Safa Kamal, Scoop Writer

Neal Shusterman is a young-adult fiction writer who has won multiple different awards for his books and is especially known for his series, ‘Arc of a Scythe.’ Shusterman is a dynamic speaker, and his stories are known to make the readers feel as if his characters are real, with relatable and sensitive issues to his audience. His words are known to be captivating, and his books attract readers to them, like moths to a flame.  

One of his novels, Dry, is a story that reflects fiction onto reality in a terrifying way. The California drought was bad enough, but in Shusterman’s story, the problems that accompany the drought inflate into massive proportions. Everything seems to go wrong one problem at a time, and there is nothing anyone can do about it. The story goes to show what could have happened during the California drought. The characters go through severe changes as their situation goes from bleak to desperate, showing a realistic and chilling display of fictional characters feeling life-like to readers.

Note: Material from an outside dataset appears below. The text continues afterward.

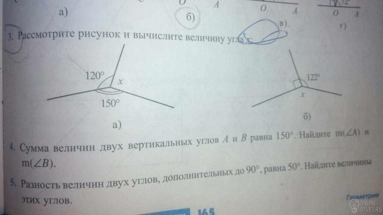 Окружность равна 360 градусам.Здесь 3 угла.2 из них по 120 и 150.Следовательно третий угол х = 360 -120-150= 90.

The story starts out in California, during a drought, or the Tap-Out, as many residents call it, which has actually been going on for a while. Life and people are going about normally, and everyone knows what to do and what not to do. When the tap runs dry, however, the mentally of the people degrades, and they become close to mob-like. Alyssa, our normal teenage protagonist, is faced with difficult decisions when her parents disappear, and she is left alone with her brother and a boy from her neighborhood in what is soon turning into a semi-apocalyptic town. 

This book gives a zombie-esque feel to it as humanity is portrayed in a way that makes them seem more savage than human, with the lingering feeling of being human still within. People become either predator or prey, and Shusterman portrays them perfectly to capture the complexity of the situation.